Woody Allen tem seu público cinematográfico cativo. E pode até dar-se algumas ousadias sem fracassar nas bilheterias. É o caso de Todos dizem eu te amo (Everyone says i love you; 1996), em que ele investe sobre um gênero tradicional no cinema americano, o filme musical; enxertando em sua encenação cômico-dramática números musicais a que o humor de Allen empresta uma coreografia desarticulada e nada reverente para os padrões clássicos de canto e música, esta realização do cineasta se insere numa fase de sua carreira em que a alacridade da imagem e a captação dos diálogos do cotidiano intelectual pequeno-burguês por meio de elaborados planos-seqüência o aproximam cada vez mais do cinema do francês Eric Rohmer.
Claro: o americano Allen comunica-se melhor com o grande público do que o francês Eric Rohmer, tão cioso de seu rigorismo moral e estético.
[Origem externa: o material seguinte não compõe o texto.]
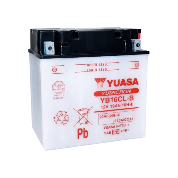 La Batería Yuasa YB16CL-B es una batería de 12V y 19Ah diseñada para motocicletas. Ofrece un arranque seguro y fiable en cualquier condición, incluso en frío o con el motor ahogado.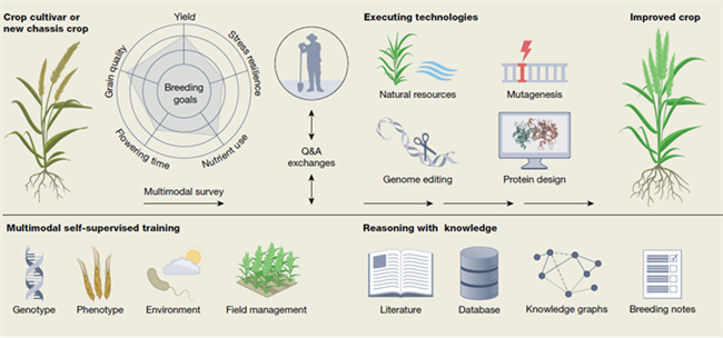 近日,由中國科學(xué)院遺傳與發(fā)育生物學(xué)研究所高彩霞研究員、華中農(nóng)業(yè)大學(xué)李國田教授領(lǐng)銜的中外團(tuán)隊,聯(lián)合撰寫的綜述文章Integrated biotechnological and AI innovations for crop improvement在Nature雜志發(fā)表。該文章總結(jié)了多組學(xué)、基因組編輯、蛋白質(zhì)設(shè)計和高通量表型與人工智能在作物遺傳改良中的整合應(yīng)用,并提出了一個由AI輔助的優(yōu)異作物種質(zhì)設(shè)計框架,為未來農(nóng)業(yè)的可持續(xù)發(fā)展擘畫了清晰的路線圖。

E é em Todos dizem eu te amo que Allen chega ao máximo de simplicidade em sua relação com o espectador, despojando seu roteiro e a forma de seu filme de algumas preocupações puristas que por via de regra inundam seus filmes.
Sem atingir a dimensão da fita anterior de Allen, Poderosa Afrodite (1995), que era uma obra-prima, mesmo assim este Todos dizem eu te amo oferece aos admiradores do diretor norte-americano uma nova oportunidade de ver o olhar seduzido pela grande beleza formal das imagens; é particularmente brilhante a maneira mágica como a câmara de Allen capta os cenários naturais das estações, revelando-o um aprendiz do cinema europeu adaptado à indústria americana.
Como já ocorria em Poderosa Afrodite, aqui também Allen contribui com sua racionalidade histriônica para reler em imagens a temática ingênua dos contos de fada, de uma maneira não-hollywoodiana. A seqüência quase ao final de canto e dança entre Woody Allen e Goldie Hawn (que literalmente levita diante das câmaras) é a materialização da magia no cotidiano.
Filme sentimental e romântico, Todos dizem eu te amo não deve ser confundido com as características de facilidade comercial que estes dois adjetivos trazem.